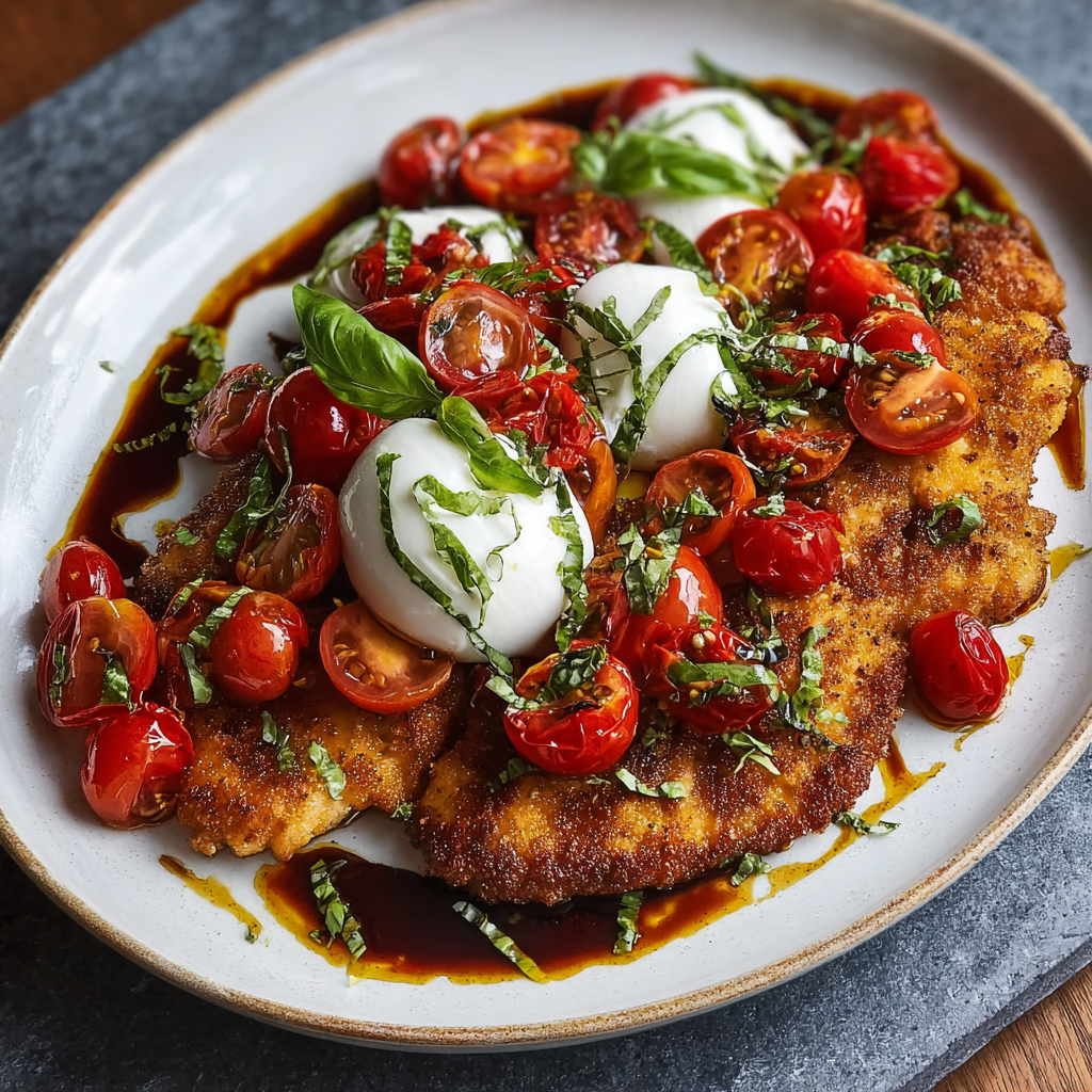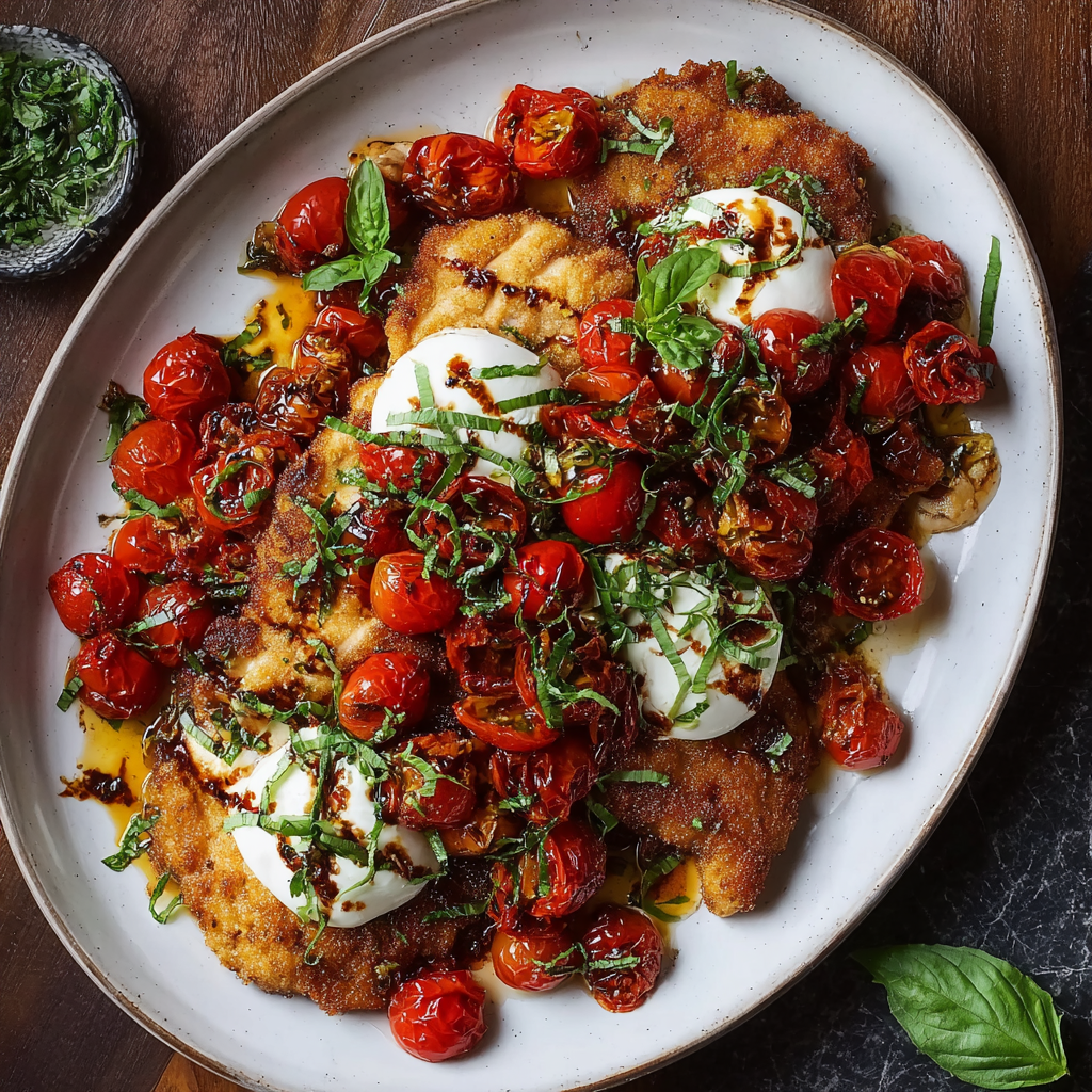 Italian-Style Chicken Cutlets with Cherry Tomatoes and Burrata combine crispy chicken, sweet blistered tomatoes, and creamy burrata into a vibrant, flavorful dish. Perfect for quick weeknight dinners or a gourmet Italian-inspired meal. Try it today, share your feedback in the comments, and subscribe for more delicious recipes.
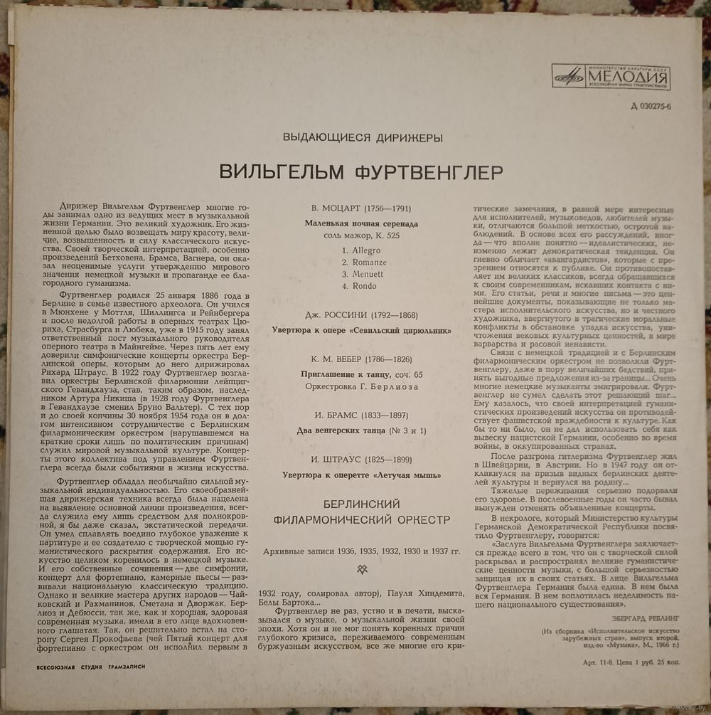 Вильгельм Фуртвенглер - Моцарт / Россини / Вебер / Брамс / И. Штраус.
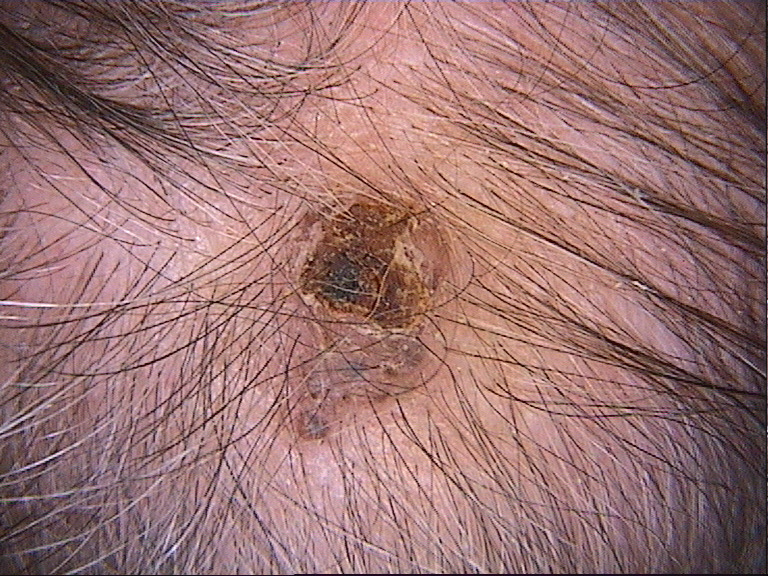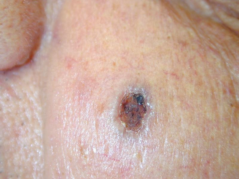 Эта базалиома обычно черная или темно-коричневая. Внешне она иногда выглядит как псориаз, красная волчанка или парапсориаз, но отличить ее можно по мелким узелкам, располагающимся по периферии пораженной области.
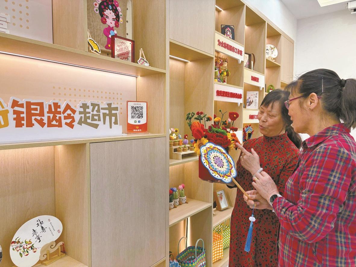 擅长手工的老年人,可以把自己的作品送到银龄超市展示售卖,所得收益全部归作者所有,街道仅提供场地支持与宣传推广,让银龄达人被更多人“看见”。
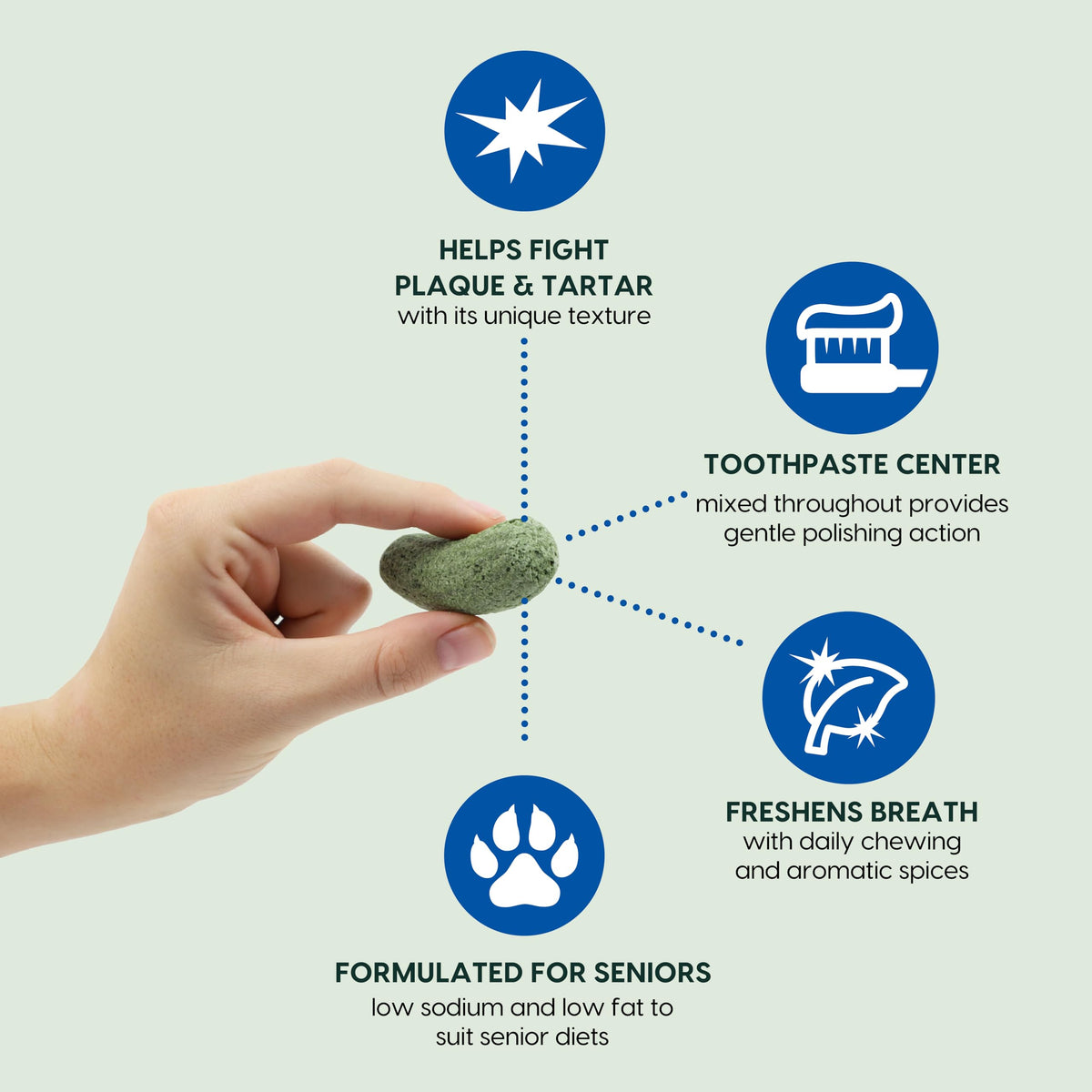 Q: How do I store the Brushless Toothpaste dental chews?A: To maintain freshness and quality, store Ark Naturals Gray Muzzle Brushless Toothpaste in a cool, dry place. Ensure the package is properly sealed after each use to prevent moisture and preserve the chews.
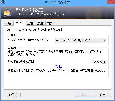 - 「変換鍵」の項の「キー変換の繰り返し回数」を4000000回以上に
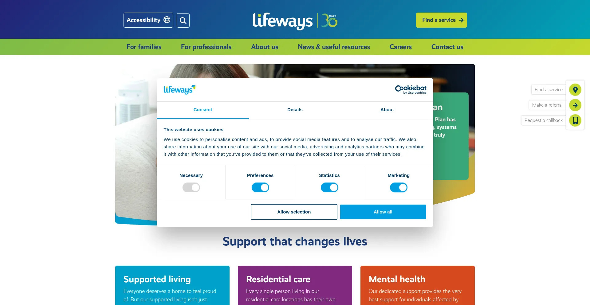 该网站实现符合GDPR或CCPA等隐私法规的cookie同意机制。这表明 lifeways.co.uk 遵守数据保护标准并为用户提供对个人数据收集实践的控制。
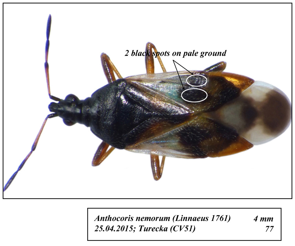 In A.nemorum there are two black spots on the corium which are on a white base colour.But in A.nemoralis this spots are smaller,pale and are on a black base colour.
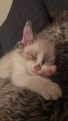 C'est un chaton de 2 mois croisé ragdoll/siamois.
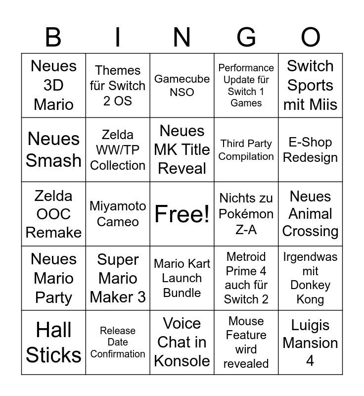This bingo card has a free space and 24 words: Super Mario Maker 3, Release Date Confirmation, Neues MK Title Reveal, Hall Sticks, Switch Sports mit Miis, Neues 3D Mario, Neues Smash, Themes für Switch 2 OS, Nichts zu Pokémon Z-A, Mario Kart Launch Bundle, Third Party Compilation, Zelda OOC Remake, Metroid Prime 4 auch für Switch 2, Irgendwas mit Donkey Kong, Zelda WW/TP Collection, Mouse Feature wird revealed, Neues Animal Crossing, Gamecube NSO, E-Shop Redesign, Miyamoto Cameo, Luigis Mansion 4, Neues Mario Party, Performance Update für Switch 1 Games and Voice Chat in Konsole.
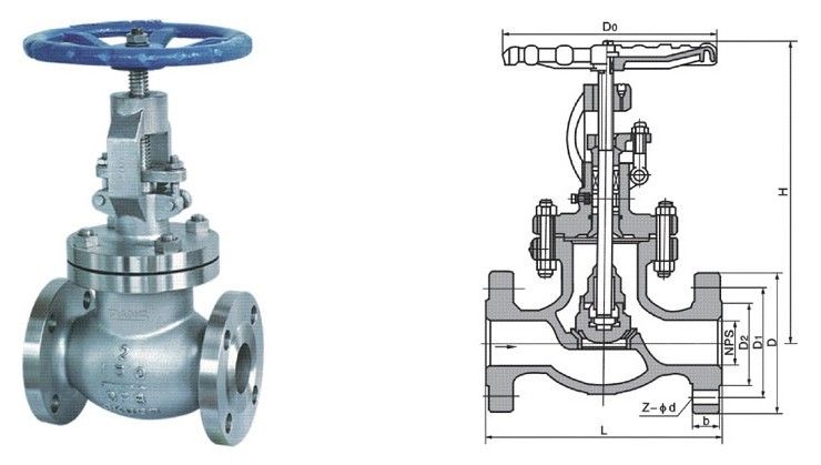 J41Y 美標(biāo)不銹鋼截止閥主要外形尺寸:
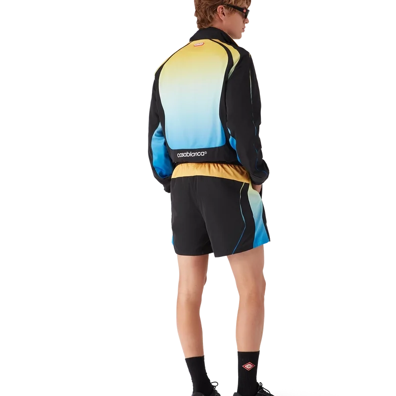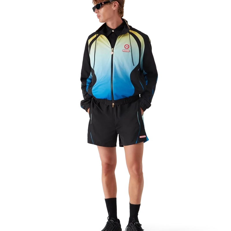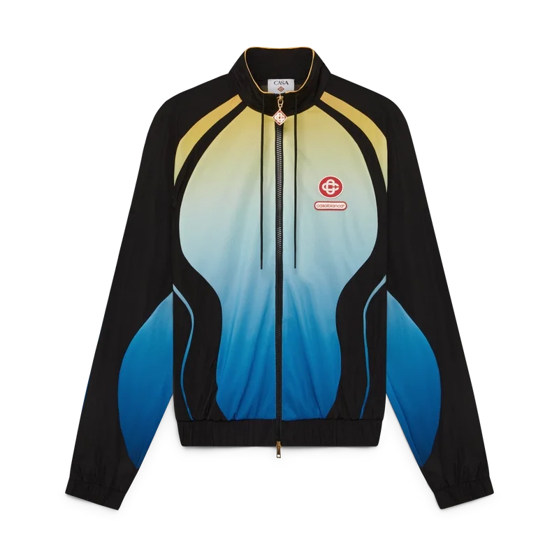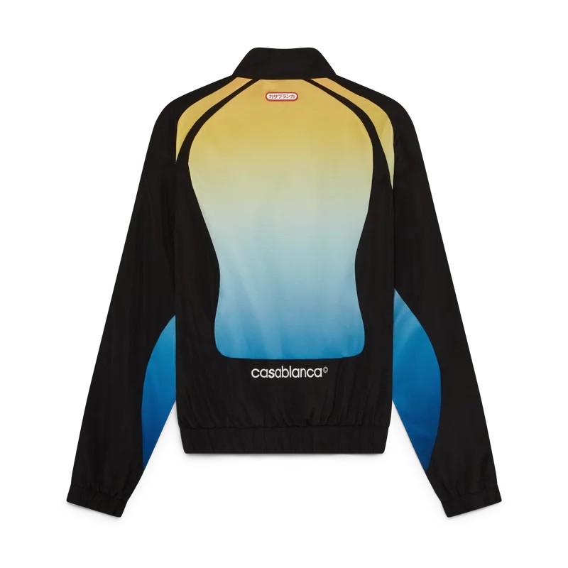 Het Gradient windjack is een sportief ontwerp met lange mouwen, voorzien van het kenmerkende in elkaar grijpende CC-logo van het huis en de Casablanca-logopatch, in onze traditie van het herinterpreteren van de krachtige natuurlijke kleurenpaletten van de natuur – Ons seizoensgebonden kleurverloop is geïnspireerd op de levendige en opvallende natuurlijke tinten van pijlgifkikkers. De gedurfde schakeringen van blauw naar geel staan in de natuur symbool voor een waarschuwing en worden met dezelfde opvallende intentie gebruikt in onze prints en sportkledingstijlen, gecombineerd met diepzwarte panelen in organische, vloeiende vormen die de kenmerkende patronen van deze dieren nabootsen.

**EXERCISE DETAILS**
Restate word for word every line from the top of the entries above to the line with "C'est un chaton", inclusive, and skip any pictures.

**EXERCISE SOLUTION**
 Italian-Style Chicken Cutlets with Cherry Tomatoes and Burrata combine crispy chicken, sweet blistered tomatoes, and creamy burrata into a vibrant, flavorful dish. Perfect for quick weeknight dinners or a gourmet Italian-inspired meal. Try it today, share your feedback in the comments, and subscribe for more delicious recipes.
 Вильгельм Фуртвенглер - Моцарт / Россини / Вебер / Брамс / И. Штраус.
 Эта базалиома обычно черная или темно-коричневая. Внешне она иногда выглядит как псориаз, красная волчанка или парапсориаз, но отличить ее можно по мелким узелкам, располагающимся по периферии пораженной области.
 擅长手工的老年人,可以把自己的作品送到银龄超市展示售卖,所得收益全部归作者所有,街道仅提供场地支持与宣传推广,让银龄达人被更多人“看见”。
 Q: How do I store the Brushless Toothpaste dental chews?A: To maintain freshness and quality, store Ark Naturals Gray Muzzle Brushless Toothpaste in a cool, dry place. Ensure the package is properly sealed after each use to prevent moisture and preserve the chews.
 - 「変換鍵」の項の「キー変換の繰り返し回数」を4000000回以上に
 该网站实现符合GDPR或CCPA等隐私法规的cookie同意机制。这表明 lifeways.co.uk 遵守数据保护标准并为用户提供对个人数据收集实践的控制。
 In A.nemorum there are two black spots on the corium which are on a white base colour.But in A.nemoralis this spots are smaller,pale and are on a black base colour.
 C'est un chaton de 2 mois croisé ragdoll/siamois.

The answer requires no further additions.